I love this crazy bitch. Knowing her since I was 14, makes it hard for me not to call her my best friend. She recently found a new and will shortly, if not already, be moving to Las Vegas. Her boyfriend Fernando is great and I think they will have one hell of a Vegas wedding, it better be open bar. Though her and I do not see eye to eye on politics or religion, we have managed to remain very close even if our living arrangements keep us apart.

Photobucket
Todd
Having come into my life as Steven's 'new thing' 15 years ago he has since become a best friend. He and I see eye to eye on everything and he is positively the most hilarious person to go out with, even though our drinking together often finds me defending him in fights he obviously caused. He has a passion for assisting for those underserved people like myself and I will proudly stand and cheer when he obtains his grad degree!

Photobucket
Todd & Todd & Alex
Todd, in the middle, yup there are two todds, and this todd is also a good friend. Unfortunately he resides in butthole Costa Mesa so I don't get to see him as much. He is an intelligent and well spoken person, I am proud he is my friend.

Photobucket
Steven (with whom I hardly get to see!)
Ah Steven, what can I say after 20 years of friendship. There is no one like Steven.

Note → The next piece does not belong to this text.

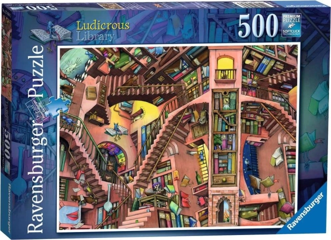 Puzzle Absurdná knižnica o rozmere zloženého obrázku približne 49 x 36 cm je ideálny pre milovníkov netradičných a pútavých motívov.
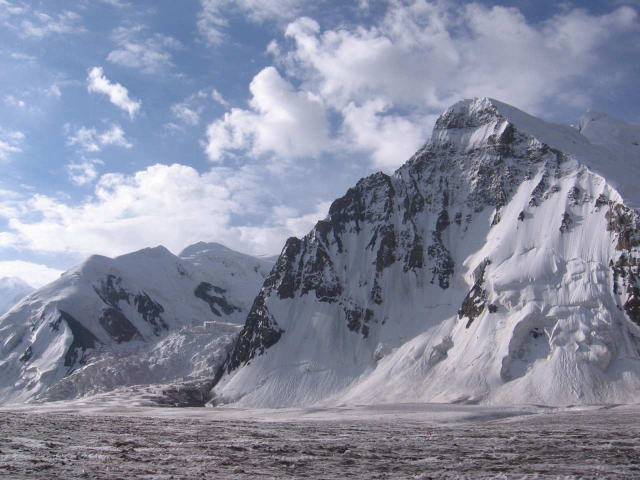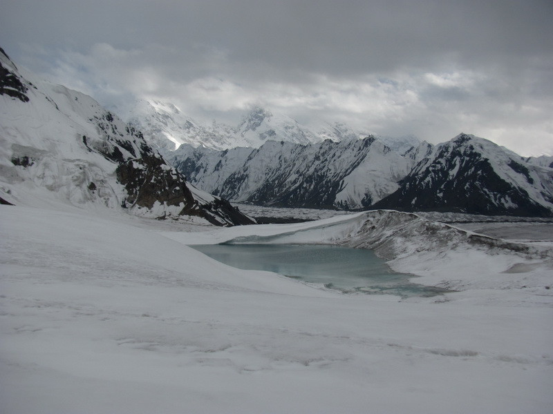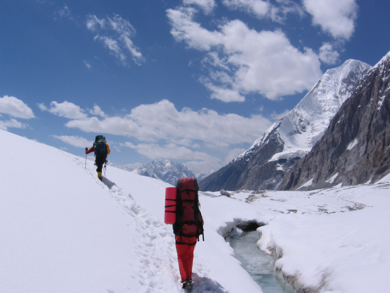 Двигались иногда по границе с хаотичными моренами. Поперечник ледника необычайно широк. Множество протаявших колодцев, ручьев, где-то сливалась чистейшая голубая вода, где-то серая и мутная. Местами были сколы прозрачного льда, местами грязные моренные конгломераты. Хан Тенгри отдалился и спрятался довольно быстро. Пик Победы тоже довольно скоро поменял ракурс, но виден был более долго. Двигались мы ближе к левому борту ледника. Где-то на моренных выходах правого, остался промежуточный лагерь для трекеров «Дикий». Он хорошо виден с ледника Семеновского. Вертолет его не снабжает. Возможно только при открытии и перед закрытием. Все необходимое носят потеры. Носильщики, как правило, молодые люди, нанимающиеся как сезонные рабочие.

It is not for lack of others that I don't mention anyone else, it is just these are the people I find most often in my house, leaning against my bar. Sure we have all had our downside. I have watched those above kick heroin, speed, and opiates, and sat beside them in AA. We have written each other while in prison. I have watched them fight, break up and reunite. I have stood in between them when conversations became escalated. But they are my friends. Never judging me, never reminding me of what I have done wrong, and always there when I need to complain,cry, and rant.

Thanks guys, you're welcome at my bar anytime!!